Davis recalls how his heart hurt when he tried to answer his son’s question.

“Just do what I say, Lil’ Georgie. Hear me? Don’t ask questions. It’s just the way things are.”

He’d tried to explain to Georgie why he couldn’t check out books from the Bessemer Public Library, or go to the moving picture shows in the town’s theater, or shop for shoes in white-run department stores. He’d tried to explain why only black barbers could cut his son’s hair, only black nurses could set his broken bones, and only white kids could swim in Bessemer’s public pools. And he tried to explain why Georgie’s baseball team had to play on dump-site vacant lots out of eyesight of the white boys’ public ball fields.
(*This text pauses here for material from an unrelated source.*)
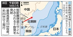 社会 北朝鮮が短距離弾道ミサイル、異例の10発以上発射か 日本のEEZ外に落下とみられ、被害確認されず 2024/5/30 11:20 (最終更新: 2024/5/30 11:25) 【ソウル共同=富樫顕大】韓国軍合同参謀本部は5月30日、北朝鮮が同日午前6時14分ごろ(日本時間同)、首都平壌の順安付近から日本海上へ短距離弾道ミサイルと推定される十数発を発射したと明らかにした。日本の防衛省は少なくとも... 残り659文字(全文:770文字) ここから先を読むには 続きを読む(会員登録する) 続きを読む(ログイン) 新潟日報朝刊を購読していますか? はい いいえ トップページで最新情報を見る 関連ニュース 5月27日発射の北朝鮮偵察衛星は失敗 空中で爆発、エンジン原... 2024/5/28 北朝鮮が弾道ミサイル発射、沖縄県にJアラートも日本に飛来せず... 2024/5/28 北朝鮮が弾道ミサイル発射、EEZへの飛来は確認されず、被害報告なし 2024/5/17 第2回日朝首脳会談から5月22日で20年、「最重要課題」でも... 2024/5/22 特殊詐欺事件で使用された口座、譲り渡した疑いで村上市の男逮捕 11/12 年金の還付金名目で現金だまし取った疑い、兵庫県の男を逮捕「出... 11/12 [新潟市中学校いす引き問題]第三者委が調査開始 母親「校長、... 11/12 新潟県内でオーロラ観測!北の夜空、赤く染める 村上市で新潟日... 11/12 [新発田市女性殺害事件]被告が異議申し立て…最高裁の上告棄却に 11/12 重川県議の記者暴行「極めて卑劣」新聞労連が抗議声明 11/12 息子など名乗り2300万円だまし取った疑い、東京の男を逮捕 ... 11/12 「油断避けるため」新発田市、11日の緊急銃猟を報道発表せず ... 11/12
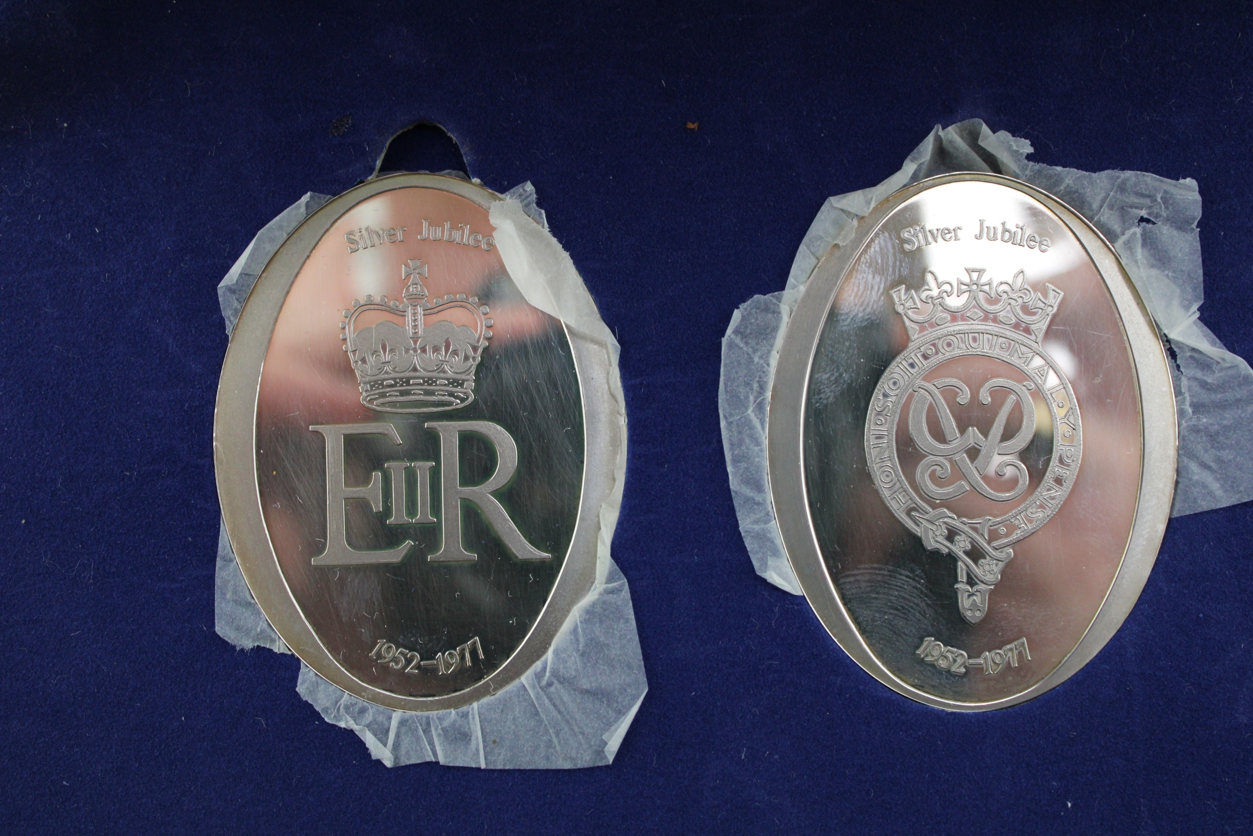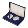 Pair large hallmarked sterling silver Jubilee oval ingots, QEII 86g, cased, 1977.

Some things are hard to explain to a kid. Sometimes near impossible.

Even now Davis hates sitting in the backs of city buses. It hurts him even more to watch his wife and son forced to the bus’s rear, or standing during a long bumpy ride when front seats are filled and a white person demands their back seats. But, even so, he keeps his mouth shut, and he obeys the unfair laws. But, at home, in curtain-closed private, he fumes aloud, pounding his fists on the arms of his chair.

Now that Georgie is a man, Davis worries about his son’s adventurous personality, his playful innocence, his boyish immaturity, and his reckless, compulsive behavior. He has told him many times: “Son, I know you like girls, but you’re eighteen years old now—a grown man. You can flirt with colored girls, but stay away from white girls. They’re trouble.”

Davis squeezes his eyes shut and shakes his head:

Oh, please, Lil’ Georgie, don’t look at them, don’t talk to them, and for sure don’t touch them, not even by accident. Colored men’ve been lynched for less.

Davis opens his eyes and looks at the newspaper picture of Jesse Owens on the family room wall. He recalls his son’s promise to him: “One day you’re gonna be proud of me, too, Daddy, just like Jesse made his father proud.”

I am proud of you, Georgie. You’re my only son, and you are precious to me.